You can also use these saved points mid-ride, if you just wanna abandon your planned route and get the fastest route home. Additionally, you have the option mid-course to ‘Back to Start’ via either the route you came out on, or via the most direct route. As an aside, if looking at the core menu difference in navigation between the Edge 1030 and the Edge 520 Plus, you’ll notice how the Edge 1030 has both the ability to search for places as well as just wander around the map looking at nearby shops/POI’s.
But let’s talk about how I’ve been using routes and maps on the Edge 520 Plus for the last three weeks, and that’s via the Strava Routes app. That app came out last summer, and allows you to ride any route you have saved in your Strava account. Essentially the app downloads a copy of the route to your Garmin, and then it simply tells the Garmin Edge device to open up the course like any other course. Once it does that it’s no different than courses you’ve synced from Garmin Connect or any other source.
After you’ve selected a route it’ll show you the route stats, like the map, elevation, and distance metrics:
And finally, you can select to ride the route to get it loaded up. Prior to that, you’ll have selected the specific activity profile to use, and as such it’ll launch with that activity profile upon selecting the ‘Ride’ button:
At this point it’ll start to ‘calculate’ the turns for your route. And this is where I’ve been having some fairly significant delays. Far more than past Garmin devices. I could sit for 4-5 minutes outside in the cold, and it’d only have gotten 30% of the way done. In theory you can start anyway, but in reality, it didn’t always work that well. But more on that later in this post.
Calculation timelines aside, you can start riding once you’ve gotten the purple line showing your route.
As you ride it’ll display the upcoming turns, just like an Edge 820 or 1030 would. It’ll show you the name of the street you’re turning on, and the distance to the turn:
And if you miss your turn? It’ll notify you that you’re off course, and after a short period, if it gives up on your ability to turn around, it’ll give you updated instructions to get back on course. And this is another key difference between the Edge 520 Plus and the Wahoo ELEMNT/BOLT: The Garmin will give you specific streets in the directions back to course. Wahoo will simply give you a general compass direction back to the route. Also, the Garmin will essentially allow you to skip a section and catch-up, since it’s re-routing with the entire course in mind.

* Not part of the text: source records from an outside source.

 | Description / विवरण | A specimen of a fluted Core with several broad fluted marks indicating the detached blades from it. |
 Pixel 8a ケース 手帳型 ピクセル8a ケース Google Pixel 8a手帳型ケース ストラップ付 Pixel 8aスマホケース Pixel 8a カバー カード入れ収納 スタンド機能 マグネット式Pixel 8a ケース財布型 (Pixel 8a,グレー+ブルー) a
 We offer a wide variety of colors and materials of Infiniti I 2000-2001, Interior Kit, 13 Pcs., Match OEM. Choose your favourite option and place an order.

Now, that specific capability may not matter to some, but it exposes some of the differences. The reason that difference exists is because Wahoo actually has a partial map on their devices. Sure, it shows you roads – but it doesn’t actually know the names of those roads. Instead, that data comes pre-loaded from the specific route you’ve added to your device. That’s why certain routes on the Wahoo Bolt don’t give proper turn by turn navigation, because those routing providers don’t include that data. Think of it like a manifest, that manifest includes the turns and street names in the route itself – not on the device. If you go off course, the Wahoo unit no longer has that list of streets.

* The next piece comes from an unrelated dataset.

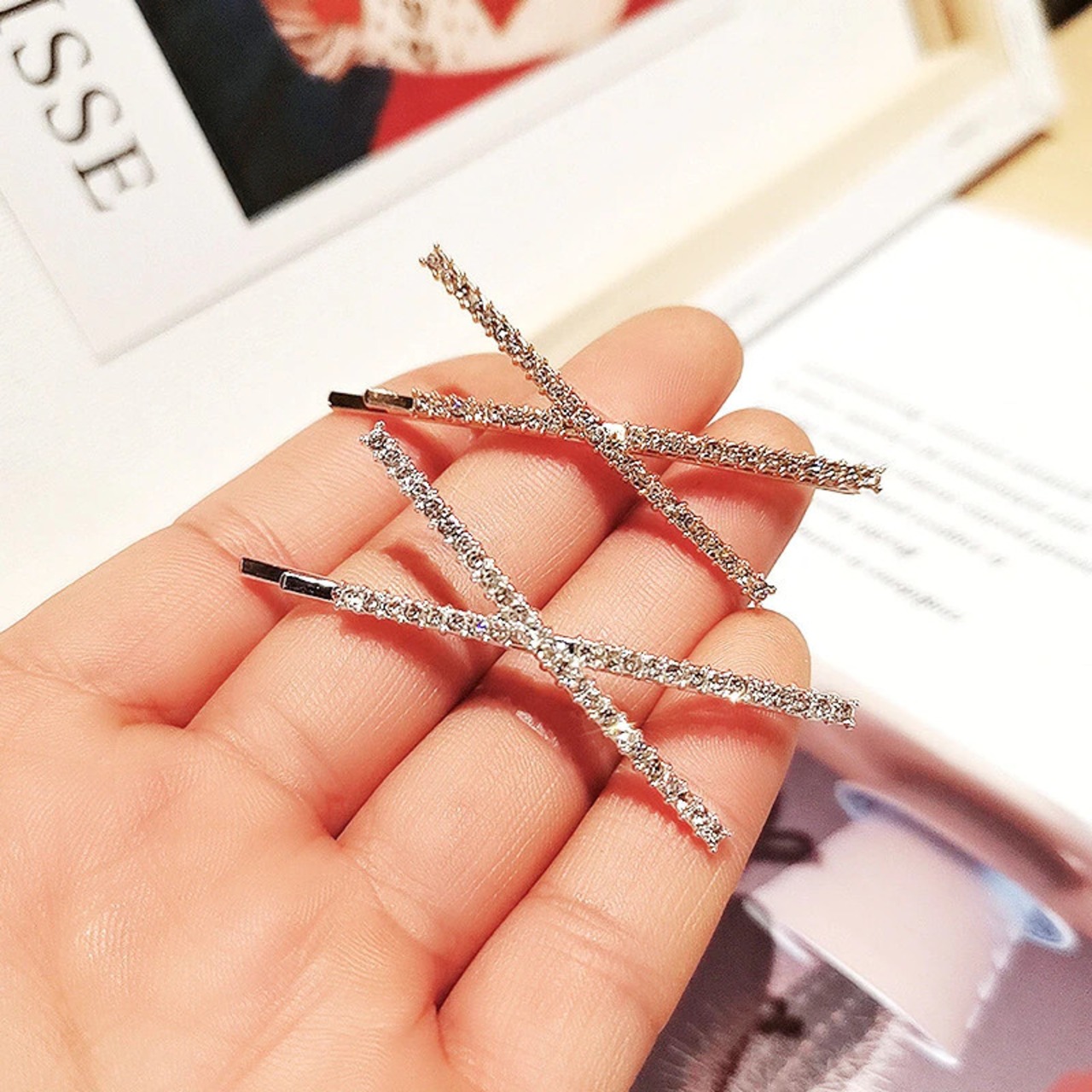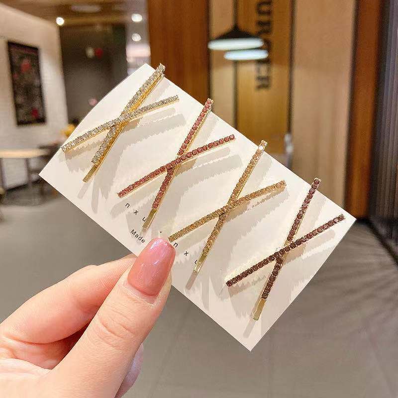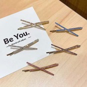 1 ピースセットミニマルなラインストーンクロスヘアクリップワンワードクリップ前髪サイドクリップトップクリップ女性頭飾りヘアアクセサリー Wor6310379697

Don’t get me wrong – plenty of people, including myself, make that work just fine. But it is really important to understand when comparing the products.
In any event, back to the Edge 520 Plus. As I noted, I’ve been routing everywhere and anywhere on my Edge 520 Plus the last three weeks. And by and large, it’s gotten me where I needed to go. I pre-create virtually all my routes on Strava, and then use the Connect IQ Strava app to sync it over. All that works great.

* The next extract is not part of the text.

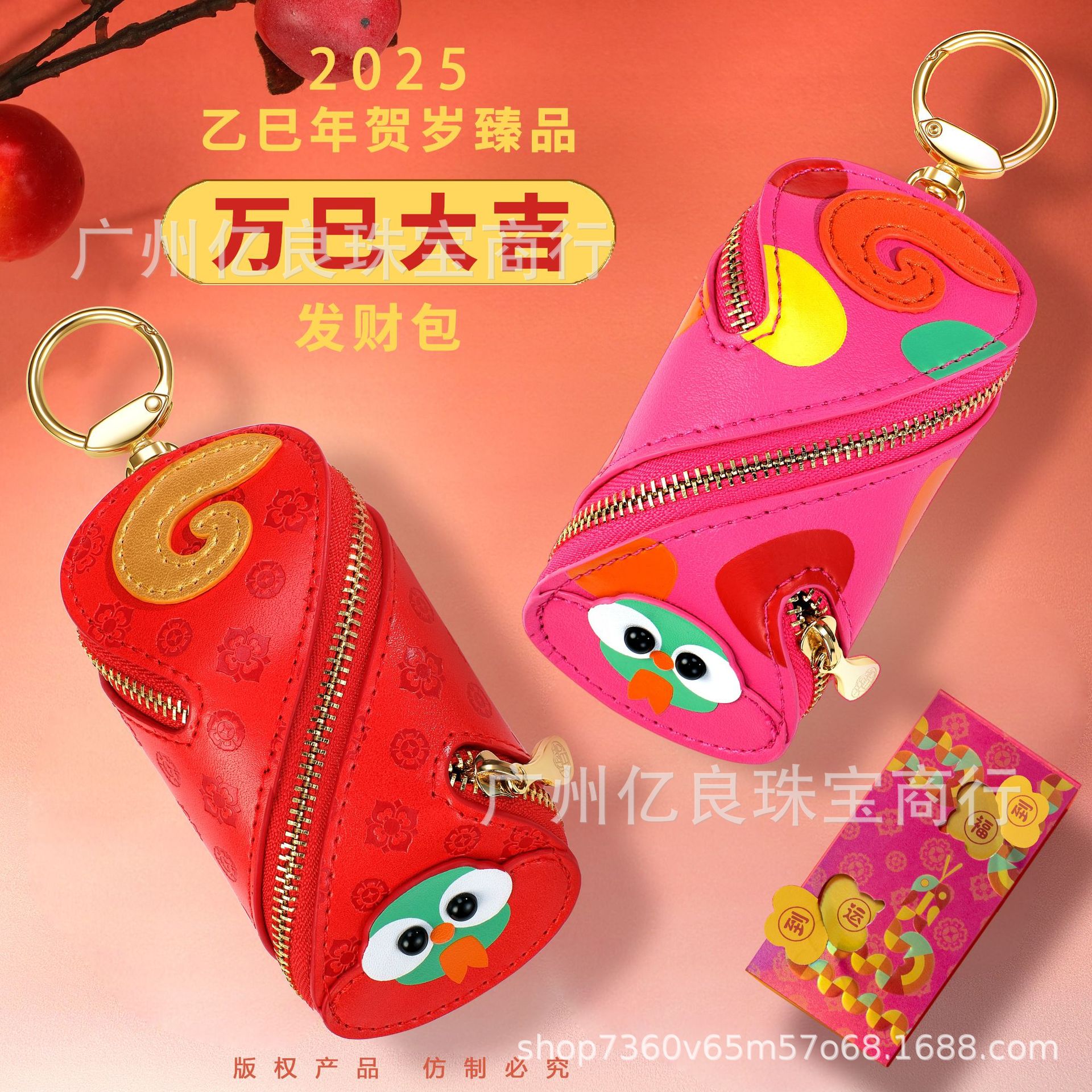 2025蛇年足金金持ちバッグキーホルダー万巳大吉かわいいミニ小銭入れ女子ストラップ

About the only complaint here is that I still lack a good way to just enter in a given point within the Garmin Connect Mobile app and route to it via the Edge 520 Plus (akin to what Wahoo and Lezyne both have). This means in some cases where I don’t care about the route per se, but more about the destination – that I have to do more work. I suspect Garmin would argue that’s what the Edge 820 and 1030 are for…but my wallet would disagree.
However, there’s a bit of a solution there for that too…and that’s the new Yelp app released today. Before you pass judgment on a review app, understand why it’s so interesting for cycling in the next section.
As far as configuration options go, there’s a handful of those too, which you can see below.
Most of the above have been present on other Garmin edge devices in the past, so they aren’t too much of a surprise.
There’s two new apps that were announced today (both of which are coming to a wider variety of Edge units including the Edge 520/820/1030). These apps are totally designed with the routing and navigation aspects in mind. They are TrailForks (primarily for mountain biking) and Yelp. Yes, the same Yelp you use to rate your least favorite restaurants.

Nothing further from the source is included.